= Valentin Härtl =

German violist and violinist

Valentin Georg Härtl (20 June 1894 – 13 August 1966) was a German violist and violinist.

== Life ==
Born in Aschaffenburg, Härtl was the son of a train driver, August Härtl and Elisabeth Härtl, geb. After his Abitur at the humanistic grammar school in Aschaffenburg, Härtl studied at the Hoch Conservatory in Frankfurt from 1910 to 1912 with Adolf Rebner, together with Paul Hindemith, with whom he had a lifelong friendship. 1913/1914 he was a pupil of the master class by professor Felix Berber at the Hochschule für Musik und Theater München in Munich.

After the First World War, he went back to Aschaffenburg in 1918 as a violin teacher.

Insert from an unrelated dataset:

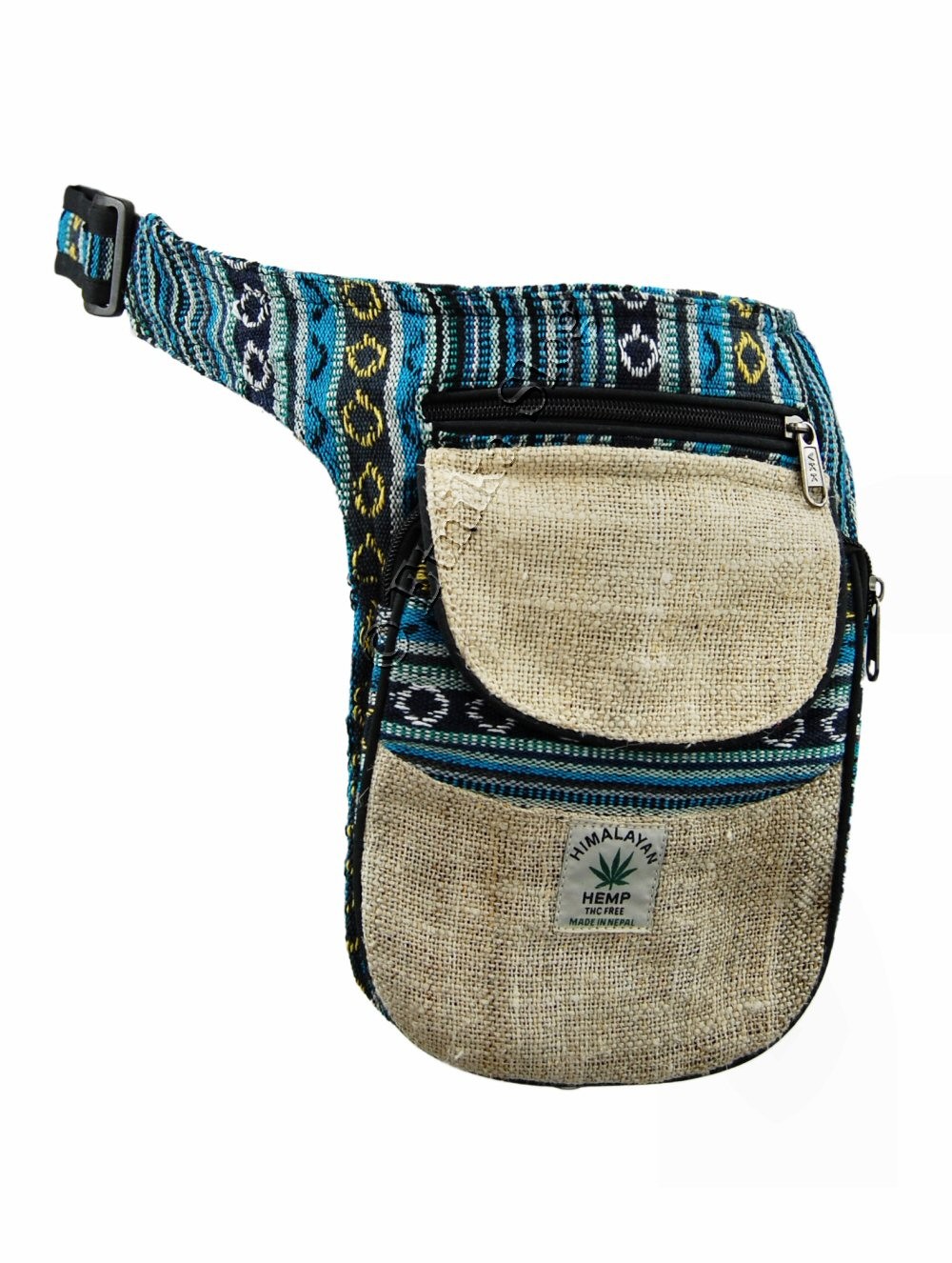 STRANSKA TORBICA ZA OKROG PASU IZ KONOPLJE IN BOMBAŽA.

From 1919 until his death he taught, from 1925 as a professor, at the academy of music, the later academy of music and theatre in Munich.

Härtl was a member of many important chamber music ensembles: together with his academy colleagues Johannes Hegar (violoncello), Anton Huber (violin) and his former teacher Felix Berber (violin) in his Berber Quartet, the "Munich Viola Quintet, the "H-Trios" (Huber-Härtl-Hindemith) and the Stross Quartet. A member of Karl Richter's "Bach Orchestra", for decades, he was regarded as an indispensable "institution" in Munich concert life.

In October 1941 he married in Munich the 13 years younger Elisabeth von Brasch, daughter of the bank director Arved von Brasch and his first wife Alice Bircher, but was divorced from her already in 1946. On 7 December 1946 he married Ruth Blatter also in Munich and had two children, Cornelia and Wolfgang.

Härtl died in 1966 during a holiday in Italy at the age of 68.